MLOps toolsMLOps tools

We will be using DJIA 30 Stock Time Series for this use-case. It’s a historic stock data for DIJA 30 companies from 2006-01-01 to 2018-01-01. For each stock (labelled by stock ticker name), it contains open, high, low close, volume, name and date columns. We will train Neural Network to predict the stock sentiment.

 

Training Phase:

To simply the flow of complex ML process, Kubeflow pipeline provides component-based pipeline which is based on Directed Acyclic Graph and abstracts away underlines complexity. For further details, please visit AI Workflow Automation with Kubeflow and NetApp.

 

Training pipeline comprises of:

  • Consolidate and process data: It is automatically downloading and processing the data from Kaggle and storing that in persistent volume, dynamically created by NetApp Trident. In other use-cases, if the data is coming from different sources, you could use this step to consolidate data before proceeding with the training.
  • Training and validation: This component of the pipeline is used for training of the ML model based on consolidated data. You could mention hyper-parameters (like learning rate, batch-size etc.) and other run-time parameters (different datasets, model implementations etc.). ML versioning via NetApp Snapshot, is integrated within the pipeline itself for preserving the state of the experiment, by capturing point-in-time state of data used and associated trained model. You could enable/disable it by changing the flag in the MLOps pipeline configuration.

Inference Phase:

We will be using TFServe as a model serving engine. End-users / applications can interact with the deployed models via rest APIs. TFServe is deployed on Kubernetes, which provides the flexibility of rolling out models without disruption and auto-scaling capability. You could also follow canary or A / B testing deployment strategies for having robust model serving in place.
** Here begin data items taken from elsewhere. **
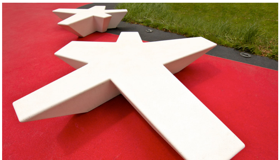
Woodhouse escofet bench.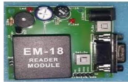
Fig 2.5 RFID Reader

An RFID reader is a device that collects data from an RFID tag, which is used to track particular things. Data is transmitted from the tag to the reader using radio waves. RFID (radio frequency identification) is a technology that works similarly to bar codes in theory.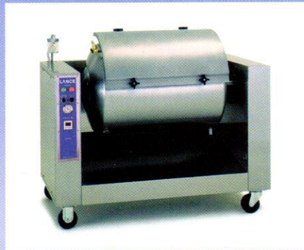
* LT 30 FLOOR MODEL * LT 15 FLOOR MODEL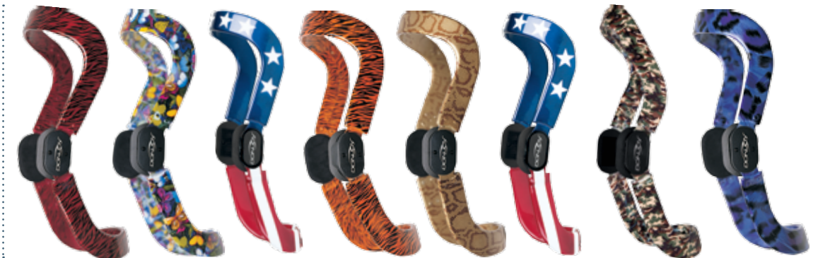
Tiger Red, Butterfly, Stars & Stripes Non-metallic, Tiger Orange, Snake, Stars & Stripes Metallic, Camouflage, Leopard Blue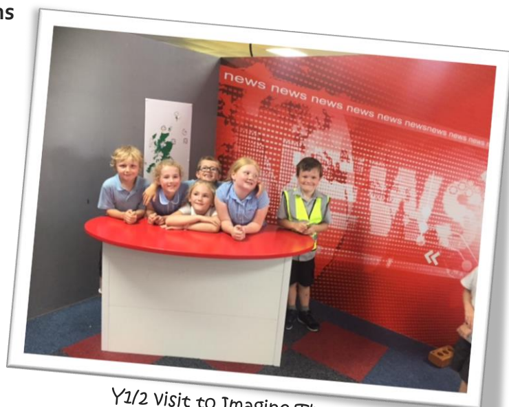
Y1/2 visit to Imagine That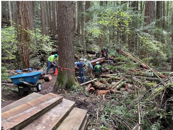
Above: Volunteers working on the Snoquera Falls Bridge repair.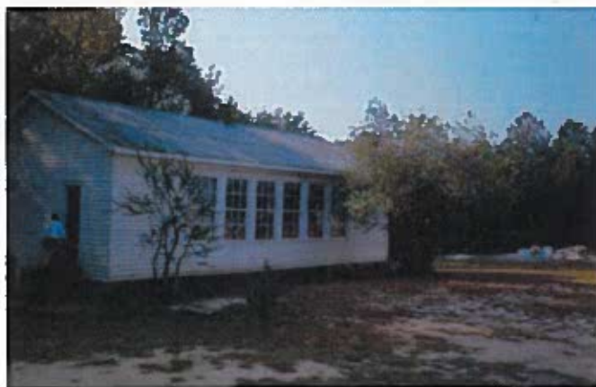
Green Grove School is an example of a one-room school typically used to educate African American students in early 20th century rural Georgia. The windows provided a natural light source in this wood frame building. The school is presently used for church functions, special classes and family reunions.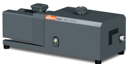
Figure 3: Busch Mink MM 1142 BV dry claw vacuum pump. Mink sizes range from 40 - 680 CFM.

Dry claw vacuum pumps were developed for a wide range of applications and are used in processes where constant vacuum and high pumping speed are required. They are contact-free, simple to disassemble and are easily maintained (Figure 3).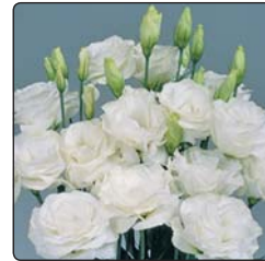
2041 White-Gp 2

Apart from TFServe, there are other model serving solutions available, like NVIDIA Triton, KFServe, Seldon etc.

 

ML CI/CD:

We will be using GitHub for code versioning. Git pull / merge request initiated by Data Scientists and Data Engineers for any change in the code base and configurations, act as requesting the team to accept modifications. Merge request approval goes through a human in the loop (Head of Data Science, Team lead, etc.), ensuring that each change goes through rigorous testing and passes through other gates, like code review, aligns with requested change, model satisfies business objects etc.

 

In this use-case, we will be leveraging multiple git branches for different phases of the MLOps workflow i.e.

 

  • ds1: Data Scientist, Data Engineers and other developers push their code to this branch, and it acts as main point of interaction with the repository. In your team, if you have multiple members working on the project, you could have one such branch for each team member
  • build-components: This branch triggers the automatic building and pushing of docker image to docker repository for all the Kubeflow pipeline components
  • kf-pipeline: It is used to compose Kubeflow pipeline and upload to Kubeflow platform
  • training: To start the training phase, this branch starts the execution of Kubeflow pipeline. You could pass training hyper-parameters and other run-time parameters via MLOps workflow configuration
  • deploy-model: This branch is used to trigger the rollout of trained model to serving engine, in our case, we are using TFServe as a serving engine. If needed, we could also roll-back to previous versions of the model by going back to good known merge request.
  • main: This branch acts as the official working branch. All the changes eventually get merged back into this branch to show the current state of the repository.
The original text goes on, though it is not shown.